In this step, Darwin Core aligned data tables are generated from the pipeline results. This includes a Occurrence table (which also has some sampling event related metadata), and a DNADerivedData table which contains many terms from the GSC's MIxS standard. These tables can be bundled into a Darwin Core Archive for submission to OBIS.
Results are also exported as a phyloseq object phyloseq_object.rds
which can easily be read into R for analysis.
In the final step, a HTML report summarizing all steps is generated.
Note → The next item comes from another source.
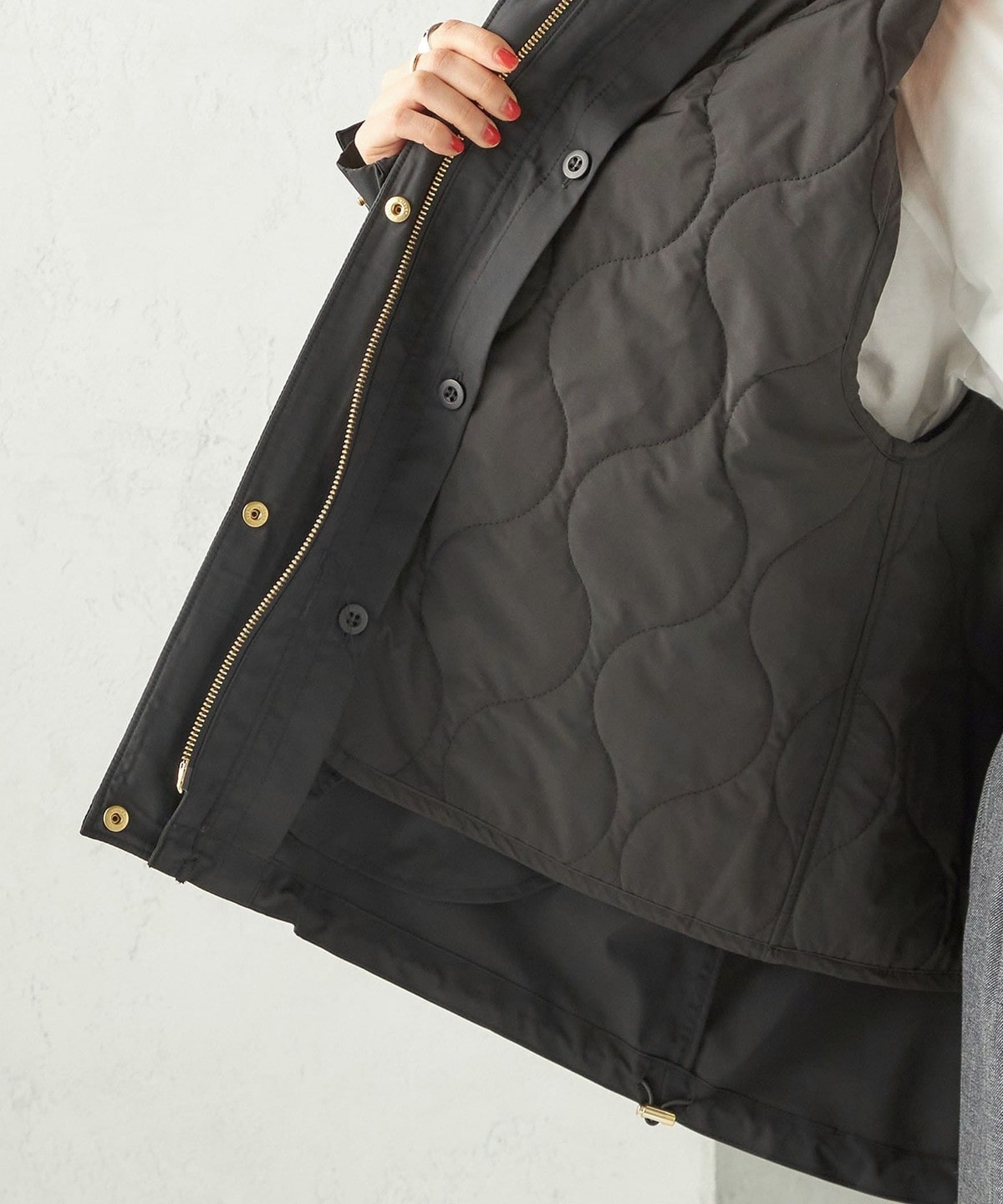 ライナーのキルトは中綿入りで薄く、軽い仕上がりに着ぶくれしないように仕上げました。

For running the pipeline we will need the following ingredients:
- Windows Subsystem for Linux
- conda
- Snakemake
- the pipeline code
- a reference database
- some raw reads
If you are participating in the on-site training, WSL should be configured for you. You can skip to the conda installation step after checking the WSL installation with wsl -l -v
.
To be able to run the pipeline on Windows systems, we'll need to install the Windows Subsystem for Linux (WSL 2).
Open Apps and features
from the Windows start menu. Go to Programs and Features
and Turn Windows features on or off
. Ensure that the following features have been enabled:
- Windows Subsystem for Linux
- Virtual Machine Platform
Set the default WSL version to 2 by opening Command Prompt
and typing:
wsl --set-default-version 2
Now install Ubuntu in WSL and verify that Ubuntu is running with WSL 2:
wsl --install -d Ubuntu
wsl -l -v
You may get a message to install the Linux kernel update package, follow the instructions.
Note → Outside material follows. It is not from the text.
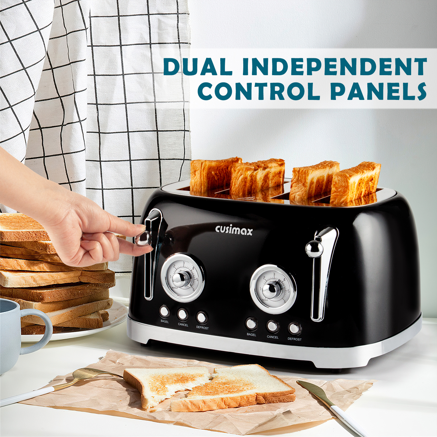 Cusimax toaster 4 slice is designed with 2 separate control panels, so not only can use one side individually, but also can use different functions at the same time to make different types of bread, making it perfect for preparing delicious breakfasts for your family!

If the WSL version is still listed as 1, convert to WSL 2 like this:
wsl --set-version Ubuntu-22.04 2
Now open the Ubuntu terminal from the start menu and run the commands below to download and install Miniconda. If Ubuntu is not available in your start menu, just type wsl
in Command Prompt
. You will be asked first to create an user account on Ubuntu.
sudo apt-get update
sudo apt-get install wget
wget https://repo.anaconda.com/miniconda/Miniconda3-py39_4.12.0-Linux-x86_64.sh
chmod +x Miniconda3-py39_4.12.0-Linux-x86_64.sh
./Miniconda3-py39_4.12.0-Linux-x86_64.sh
🔥 At the end of the installation procedure, enter yes
when asked to run conda init
.
After installing Miniconda, close the terminal and start a new one.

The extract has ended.